Proceedings of ALTSS/ALTW, Melbourne, December 2003
In this course we will introduce two hot areas of Language Technology: information extraction and question answering. Both are key areas for tasks that require the recovery of specific information from text documents. Due to the current availability of increasingly large volumes of text stored in digital form (e.g. in the World Wide Web), an increasing number of organisations and companies are becoming interested in applications from these areas. Information Extraction (IE) systems populate databases with specific information extracted from text documents. IE systems typically operate in closed domains (e.g. news of terrorist attacks) and the type of information to be extracted is predetermined by the system administrator (e.g identify the nature of the attack, the perpetrator, the time, the location, and the effect of the attack). In contrast, Question Answering (QA) systems return the answers to arbitrary questions asked in a human language by searching through the source documents. Now the type of information to be found is not predetermined and the source documents may belong either to closed domains (e.g. a computer manual) or to open domains (e.g. the World Wide Web). Both information extraction and question answering systems use an array of technologies that will be explored in this course. Topics to cover include document retrieval, named-entity recognition, question classification, linguistic resources, and logical inference. These topics will be introduced and their application to information extraction and question answering will be unveiled.

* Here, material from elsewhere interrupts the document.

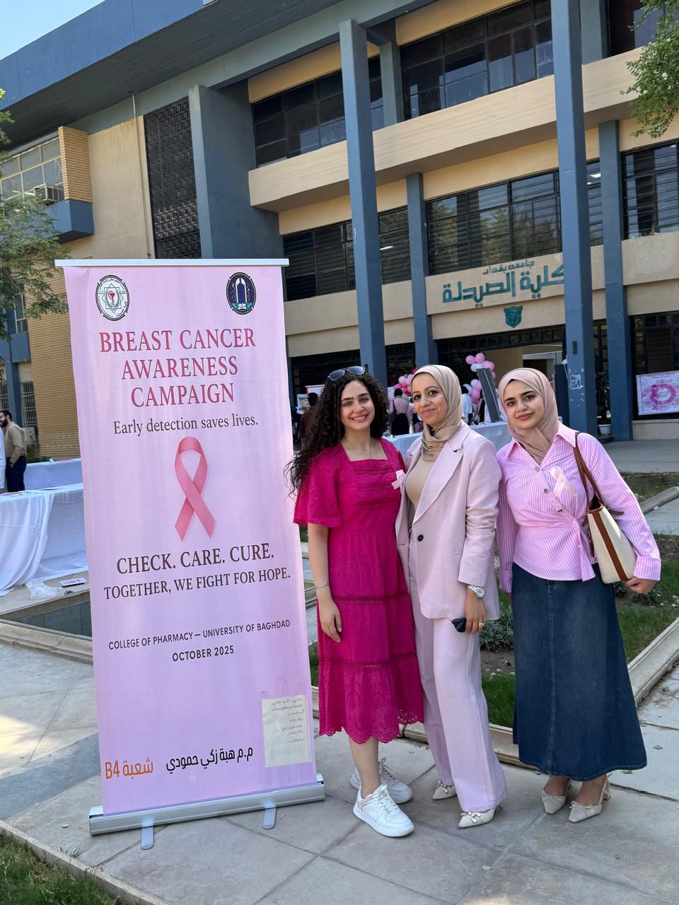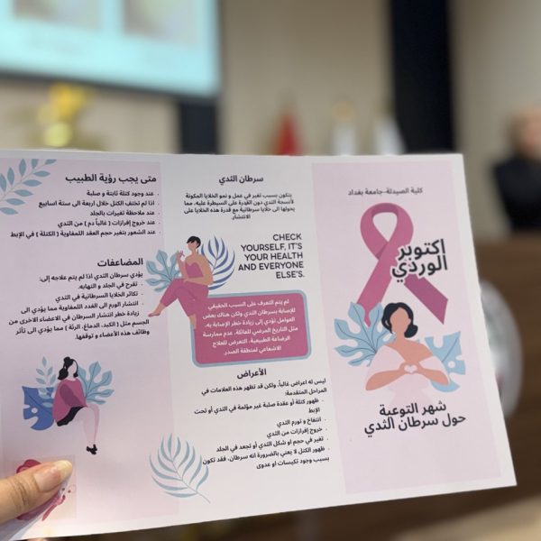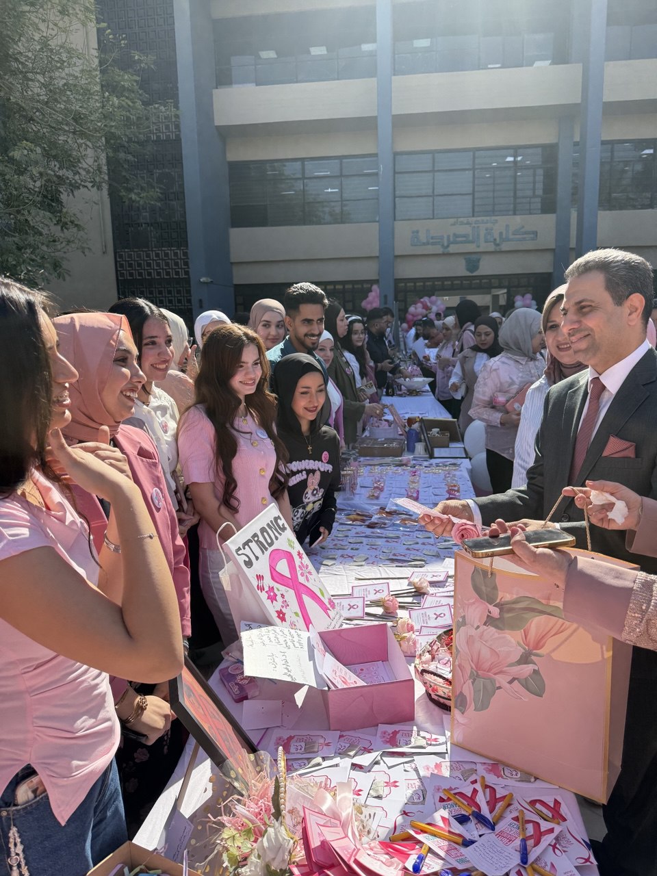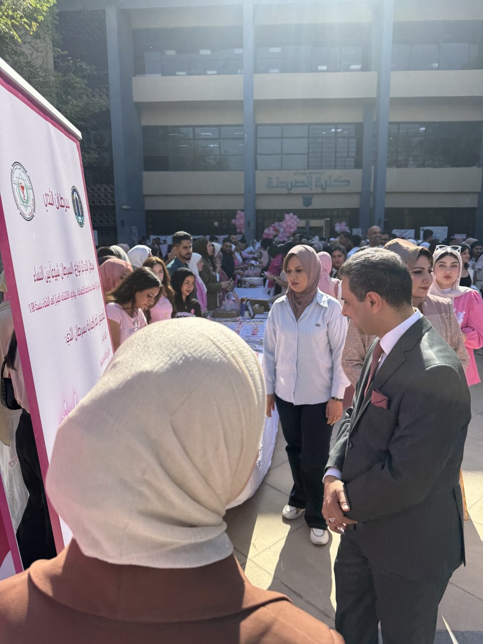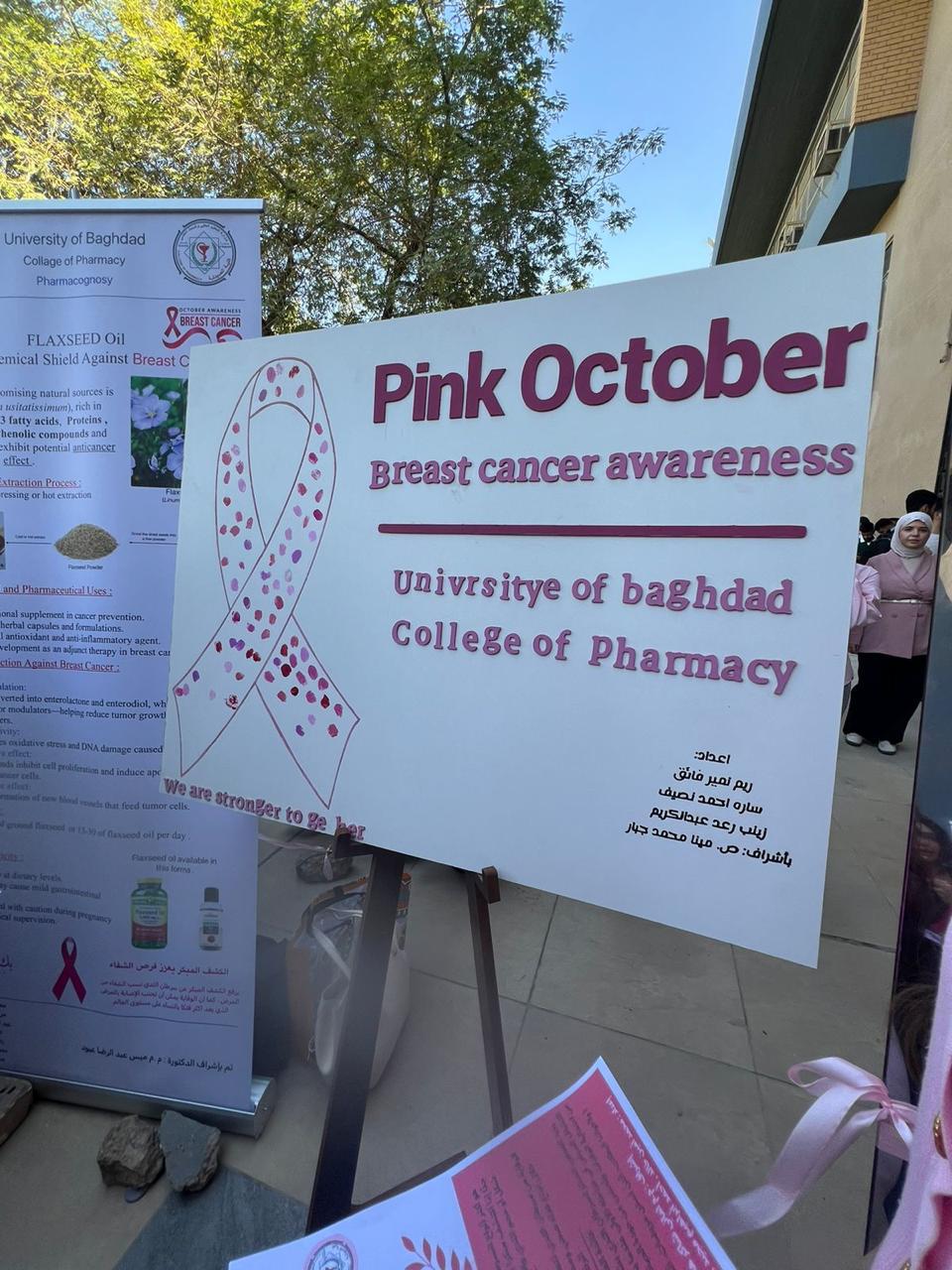 The University Of Baghdad College Of Pharmacy organized an awareness activity on October 28 focusing on the latest updates regarding breast cancer, under the patronage of the esteemed College Deanship and the supervision of the Women’s Affairs Unit, in cooperation with the University Psychological Counseling Unit, the Media and Government Communication Division, and the Voluntary Work Unit.

Diego Mollá is a lecturer in the Centre for Language Technology at Macquarie University in sydney, Australia. His research focuses on bridging the gap between theoretical linguistics, especially semantics and logical forms, and practical natural language processing applications. His current projects center around AnswerFinder, a question-answering system. He received an MSc in speech and language processing and PhD in the formal semantics of aspectual composition from the University of Edinburgh. He is currently secretary of the Australasian Language Technology Association. His teaching duties in Macquarie University's undergraduate Language Technology program include a 3rd-year unit in intelligent text processing and an Honours unit in question answering. [http://www.ics.mq.edu.au/gen/person/diego.html]